If the goal is to estimate, don’t throw out data, and don’t use CAGR

Author

Richard Martin

In my presentation of the “Martin” model, there was some discussion regarding how much data to use (all available vs. the most recent 10 years), and how to calculate growth (CAGR or regression slope based). This note demonstrates why I used all available data, and used regression. The reason is that I am trying to estimate the true aka population¹ growth rate, not create a descriptive statistic of the recent sample data.

num_sims <- 10000
nobs <- c(5,10,25,50)
sim <- 1:num_sims

We are going to run a simulation where time series have varying lengths: 5, 10, 25, 50. There will be 10,000 simulations of each length. The time series are going to be random noise centered on 10, so we know the true growth rate is 0.

create_series <- function(nobs){
  tibble(time=1:nobs, value=10+rnorm(nobs))
}

One way to calculate growth rate is to run a linear regression where we regress the log of the value on time, and then exponentiate the slope coeffient, and subtract 1.

lm_rate <- function(tbbl) {
  coef <- coef(lm(log(value) ~ time, data = tbbl))["time"]
  (exp(coef) - 1)
}

An alternative growth measure is CAGR.

cagr <- function(tbbl) {
  start <- first(tbbl$value)
  end   <- last(tbbl$value)
  ((end / start)^(1 / (nrow(tbbl) - 1)) - 1 )
}

We create 10000 time series of lengths5, 10, 25, 50, and then we calculate the growth rates both ways.

tbbl <- crossing(nobs, sim)|>
  mutate(data=map(nobs, create_series),
         `Linear Regression`=map_dbl(data, lm_rate),
         CAGR=map_dbl(data, cagr)
         )|>
  select(-sim, -data)|>
  pivot_longer(cols=-nobs, names_to = "Method", values_to = "Estimated Growth Rate")|>
  mutate(
    nobs = factor(paste("Length of time series:", nobs), levels = paste("Length of time series:", sort(unique(nobs))))
  )

Next we plot the results that demonstrate that while neither method appears to be biased, linear regression has substantially less variance.

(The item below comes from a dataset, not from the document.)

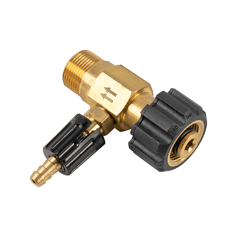 หัวฉีดสารเคมีเครื่องซักผ้าแรงดันเป็นอุปกรณ์เสริมที่ขาดไม่ได้สำหรับเครื่องซักผ้าแรงดันสูง พวกเขาส่วนใหญ่จะใช้เพื่อผสมผงซักฟอกฆ่าเชื้อหรือของเหลวเคมีอื่น ๆ ที่มีการไหลของน้ำแรงดันสูงเพื่อเพิ่มผลการทำความสะอาดหรือการฆ่าเชื้อโรค เข็มฉีดยามักจะติดตั้งที่ปลายเต้าเสียบของปั๊มและติดตั้งหัวฉีดขนาดเล็ก เมื่อเครื่องซักผ้าเชื่อมต่อกับหัวฉีดสารเคมีที่มีรูรับแสงขนาดใหญ่ขึ้นรูรับแสงของหัวฉีดภายในเข็มฉีดยาจะสร้างความแตกต่างของแรงดันกับรูรับแสงของหัวฉีดภายนอกดังนั้นจึงทำให้เกิดการไหลของน้ำยาทำความสะอาดทางเดียวโดยอัตโนมัติ ปริมาตรดูดของหลอดฉีดยาสามารถปรับได้ ผู้ใช้สามารถปรับอัตราการไหลผ่านลูกบิดตามความต้องการที่แท้จริงทำให้มั่นใจได้ว่าการควบคุมปริมาณการทำความสะอาดหรือของเหลวที่ใช้ยาฆ่าเชื้อเพื่อให้ตรงตามข้อกำหนดการใช้งานที่แตกต่างกัน ร่างกายของเข็มฉีดยาทำจากทองเหลืองซึ่งมีคุณสมบัติต่อต้านการกัดกร่อนที่ดีทำให้มั่นใจได้ถึงความมั่นคงและความทนทานในระหว่างการใช้งานระยะยาว

ggplot(tbbl, aes(`Estimated Growth Rate`, fill=Method))+
  geom_density(alpha=.5)+
  facet_wrap(~nobs, scales="free")+
  labs(title="Here we compare two methods of calculating growth: CAGR vs linear regression slope. Simulation data is random noise so true growth rate is 0.",
       subtitle="Both methods are unbiased, but linear regression has less variance (except in edge case where the time series only has two observations). Each panel is based on 10000 simulations.")+
  scale_x_continuous(labels=scales::percent)

Finally, lets look at the proportion of estimated growth rates that fall inside/outside of the truth \(\pm .5\%\).

for_dt <- tbbl|>
  group_by(nobs, Method)|>
  mutate(location=case_when(`Estimated Growth Rate`< -.005 ~ "Bottom Tail",
                            `Estimated Growth Rate` > .005 ~ "Top Tail",
                            TRUE ~ "Within .5%"
                            )
  )|>
  group_by(nobs, Method, location)|>
  summarize(location_count=n())|>
  group_by(nobs, Method)|>
  mutate(location_prop=location_count/sum(location_count))|>
  select(-location_count)|>
  pivot_wider(names_from = location, values_from = location_prop, values_fill = 0)

cagr_within_10 <- for_dt$`Within .5%`[for_dt$nobs=="Length of time series: 10" & for_dt$Method=="CAGR"]
cagr_within_25 <- for_dt$`Within .5%`[for_dt$nobs=="Length of time series: 25" & for_dt$Method=="CAGR"]
regression_within_10 <- for_dt$`Within .5%`[for_dt$nobs=="Length of time series: 10" & for_dt$Method=="Linear Regression"]

DT::datatable(for_dt)

Conclusions:

For our favourite 10 year horizion, using CAGR yields an estimate that is within \(\pm .5\%\) of the truth 24% of the time, whereas with linear regression the estimate is within \(\pm .5\%\) of the truth 34% of the time.
For both methods there is a substantial increase in the probability that the estimate is within \(\pm .5\%\) of the truth when going from 10 years to 25 years (the RTRA max). e.g. For CAGR, the percentage within \(\pm .5\%\) of the truth goes from 24% for 10 years of data to 60% for 25 years.

A final word: the title of this note is redundant. Linear regression universally² out-performs CAGR because regression uses all available data whereas CAGR is based solely on the end points, and discards the rest.

Footnotes

In the statistical, not demographic sense↩︎
except for time series of length 2↩︎